The CYCB1 and CYCB2 groups were presented before the split of monocots and eudicots and existed before the origin of seed plants [5]. This corresponds with our study, which showed that the CYCB1 and CYCB2 groups have representatives in both monocot and eudicot species. Interestingly, we found that Group 3 members only exist in eudicots, and there were only two ancient copies of CYCB (in Groups 1 and 2) presented in A. trichopoda−−the common ancestor of both monocots and eudicots.
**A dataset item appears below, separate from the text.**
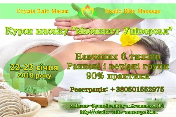 Масажні процедури істотно поліпшують стан здоров'я при різних хворобах опорно-рухового апарату, серцевосудинних патологіях, хворобах дихальних органів, шлунково-кишкового тракту і нервової системи.Тому зовсім недивно, що однією з найбільш затребуваних прикладних спеціальностей, як в індустрії краси, так і в медицині виступає саме професія Масажиста.Причому, щоб оволодіти необхідними вміннями та навичками виконання масажу, зовсім не обов'язково мати профільну медичну освіту. Досить пройти курси масажу в Студія Еліт Масаж і будете дарувати хвилини релаксу своїм близьким і друзям, або ж зробите масаж своєю основною професією. Ми спробували створити для Вас максимально комфортні умови навчання. Зручне розташування, повністю обладнані кабінети, навчальні посібники та одноразовий проф-матеріал.По закінченні курсів Ви отримуєте сертифікат двома мовами: українською та англійською.Здобуті знання можна успішно використовувати у сфері спорту, краси та здоров’я, у роботі з дітками чи у догляді за хворими.Випускники нашої студії продовжують свою діяльність у салонах та студіях краси, SPA-центрах, косметологічних центрах, фітнес-клубах, медичних установах або ж знаходять себе у самостійній практиці, власній справі.Курс вивчення масажу побудовано за принципом «Масажист-універсал» і спрямовано на підготовку спеціалістів широкого спектру масажних послуг, затребуваних на ринку на сьогоднішній день.Програма навчання:1.Історичні відомості про масаж.Системи масажу.Види масажу.Форми масажу.Показання та протипоказання до проведення масажу.2. Гігієнічні основи масажу:-вимоги до приміщення; -необхідне обладнання та інвентар; -вимоги до масажиста; -вимоги до масажованого; -взаєморозташування масажиста та масажованого.3. Анатомо-фізіологічні особливості людини:- Скелет людини будова та функції;- М’язи людини , будова та функції;- Нервова система людини,будова та функції;- Лімфатична система людини,будова та функції;- Серцево судинна система людини,будова та функції;- Дихальна система людини,будова та функції;- Все про внутрішні органи та їх розсташування.4.Вплив масажу на організм людини.5. Техніка та методика виконання "Класичного масажу".6. Техніка та методика "Загального гігієнічного масажу".7.Техніка та методика "Спортивного масажу".8. Лікувальний масаж дітей та дорослих:- масаж при остеохондрозі хребта; - масаж при сколіозі, - масаж при сутулості та круглій спині, - масаж при кривошиї, - масаж при плоскостопості, - масаж при захворюваннях дихальної системи, - масаж при захворюваннях серцево-судинної системи, - масаж при порушенні обміну речовин.9. "Лімфодренажний масаж"10. Масаж для корекції фігури: - антицелюлітний баночний масаж, - коригуючий медовий масаж, - антицелюлітний лімфодренажний масаж.11.Класичний масаж обличчя.12. Методологія роботи масажиста.Ціна курсу - 3000грн. (передоплата 1500грн. до 15.01.18р.)Індивідуальний курс -4000грн.Реєстрація: +380501552975; +380989796563;+380636290706.

We speculate that an additional CYCB copy evolved in eudicots from Group 1, and two ancient CYCB copies were retained and evolved through gene duplication, resulting in the three extant groups in the examined eudicot plants (Figure 1C). A previous study reported that CYCB3;1 is the only B-type cyclin expressed in meiosis, and its proteins interacted together with SDS to control cell wall metabolism in pollen mother cells [30]. Similar to seed development processes in which Arabidopsis expresses more genes than barley [31], eudicots may express a more complex regulatory network relating to the evolution of CYCB3;1 in order to adapt to complex machinery. For example, pollen mother cells are nearly round and are large in volume in monocot plants but polygonal and more complex in eudicot plants [32,33]. In general, the three Brassica species showed a strong collinear relationship, because Brassica species had undergone whole-genome triplication (WGT), and B. napus was generated by the progenitor species of B. rapa and B. oleracea [34]. We think that WGT and duplications, along with the gene loss that occurred in some copies, may play an important role in CYCB evolution from two ancient copies in A. trichopoda to 25 copies in B. napus.

3.3. Expression Profile of CYCB Genes

The spatiotemporal expression pattern of genes can provide insight into potential functions. In this study, CYCB exhibited tissue- and stage-specific expression, which is in accordance with other studies [24,30]. The CYCB genes showed higher expression in the seedling period and rapidly proliferating organs (e.g., developing seed and silique pericarp), agreeing with their essential roles in mitotic cell cycle and/or mitotic growth [35]. Unlike in animals, plant organ size is largely influenced by cell number and depends on the rate of cell division, the number of dividing cells, and the duration of the division phase [16,36]. Different cell cycle types influence organ development and size. The link between cell size and cell cycle progression has been demonstrated in Arabidopsis and yeast [37,38,39]. Endoreduplication can enlarge plant cells up to hundreds or even thousands of times compared with the original size [10,11], while asymmetric cell divisions generate different cell fates [40]. Consistent with a previous study, the cycb3;1 mutants did not show defects during developing periods [30], but did exhibit significantly reduced seed sizes (p < 0.001), suggesting potential vales in increasing seed size. The knockdown of CYCB1;1 in rice likely results in the production of abnormal seeds containing only an enlarged embryo at maturity [41]. However, Group 3 members were downregulated compared with the other groups in this study, despite a report that Group 3 members are relatively conserved and play an important role in animals [42], possibly because they are more important for regulating meiosis than mitosis [43,44,45].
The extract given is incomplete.